Restate the listing below word for word, pictures excluded.

Material provided -

▶

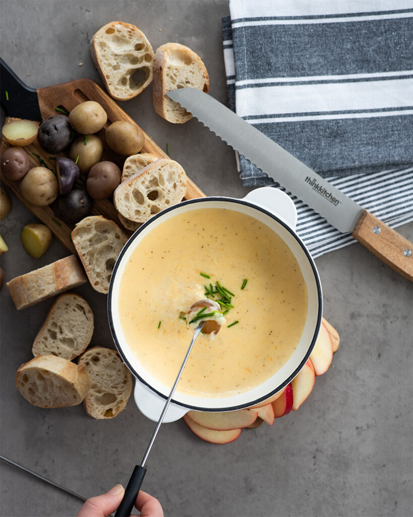 It’s finally the perfect season for a cheese fondue night! The air is crisp, and we’re craving warm, comforting flavours. We wanted to add something special to the classic fondue recipe, so today we’re making a squash and cheddar cheese fondue. These deep, autumnal flavours are absolutely irresistible – and so easy to prepare!
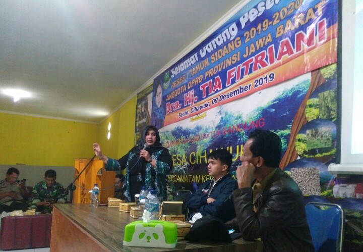 EDUPUBLIK, Kab Bandung – Giat reses ke I tahun 2019-2020, Dra Hj Tia Fitriani Anggota DPRD Provinsi Jawa Barat dari Fraksi NasDem, kali ini di Kampung Puncak Mulya Desa Cihawuk Kecamatan Kertasari RT 02 RW 06 Kabupaten Bandung, Senin (09/12/2019), kegiatan ini merupakan kewajiban anggota dewan secara konstitusional, untuk menyerap aspirasi maupun mensosialisasikan program pelaksanaan kegiatan pembangunan dan aktivitas sebagai anggota dewan.
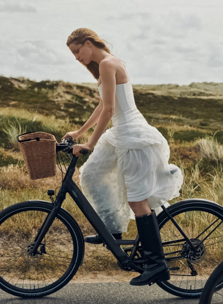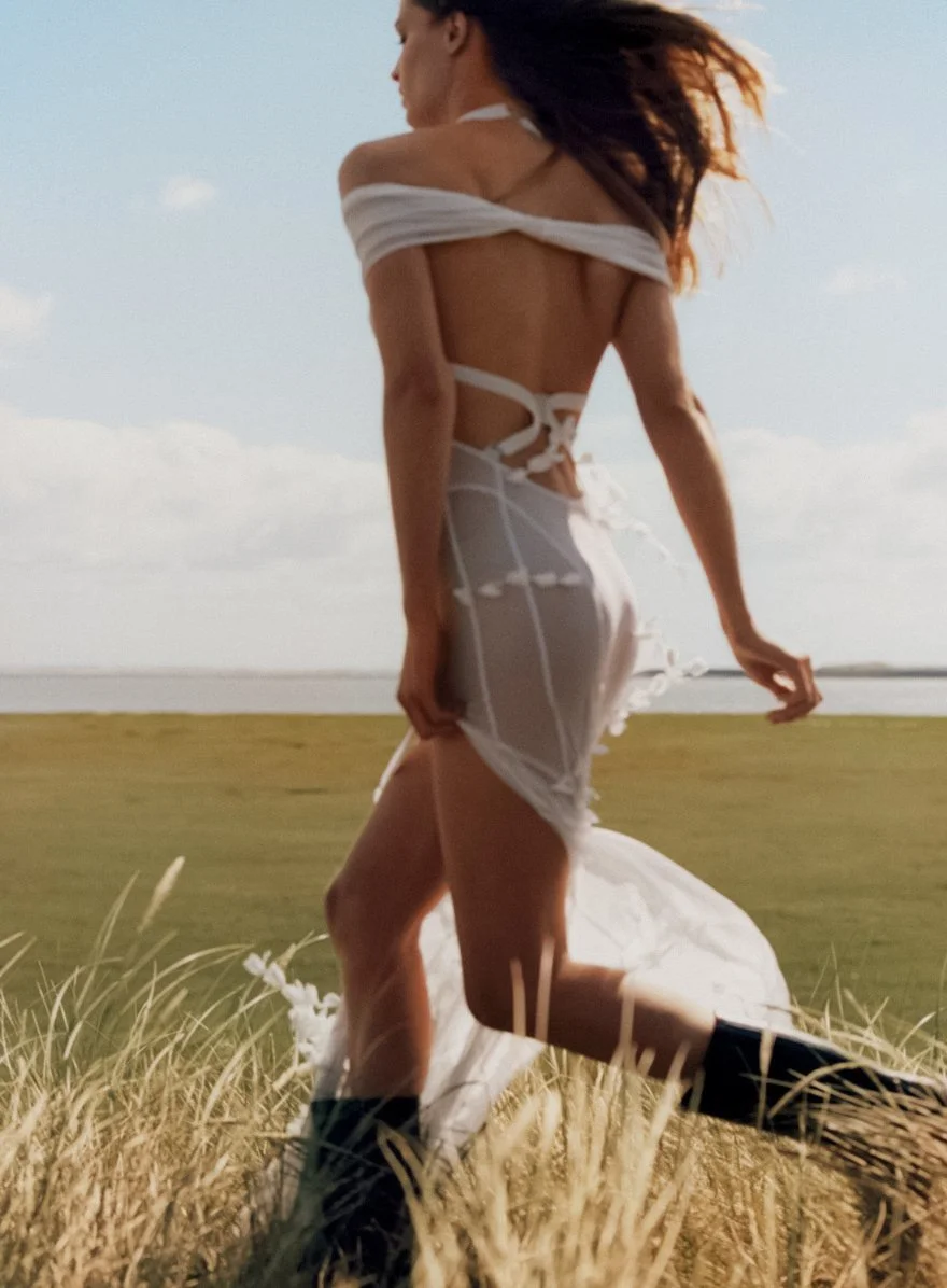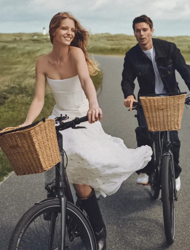 Models and life partners Abby Champion & Patrick Schwarzenegger are styled by Tabitha Simmons in ‘Coming Clean’, a health and wellness fashion story. Photographer Dan Martensen [IG] is on location on the island of Sylt — where the legendary medispa Lanserhof [IG] opened a lavish new resort earlier this year. Sylt is a German island in the Frisian archipelago in the North Sea./ Hair by Cim Mahony; makeup by Lisa Houghton

◀

Answer to this exercise -
 It’s finally the perfect season for a cheese fondue night! The air is crisp, and we’re craving warm, comforting flavours. We wanted to add something special to the classic fondue recipe, so today we’re making a squash and cheddar cheese fondue. These deep, autumnal flavours are absolutely irresistible – and so easy to prepare!
 EDUPUBLIK, Kab Bandung – Giat reses ke I tahun 2019-2020, Dra Hj Tia Fitriani Anggota DPRD Provinsi Jawa Barat dari Fraksi NasDem, kali ini di Kampung Puncak Mulya Desa Cihawuk Kecamatan Kertasari RT 02 RW 06 Kabupaten Bandung, Senin (09/12/2019), kegiatan ini merupakan kewajiban anggota dewan secara konstitusional, untuk menyerap aspirasi maupun mensosialisasikan program pelaksanaan kegiatan pembangunan dan aktivitas sebagai anggota dewan.
 Models and life partners Abby Champion & Patrick Schwarzenegger are styled by Tabitha Simmons in ‘Coming Clean’, a health and wellness fashion story. Photographer Dan Martensen [IG] is on location on the island of Sylt — where the legendary medispa Lanserhof [IG] opened a lavish new resort earlier this year. Sylt is a German island in the Frisian archipelago in the North Sea./ Hair by Cim Mahony; makeup by Lisa Houghton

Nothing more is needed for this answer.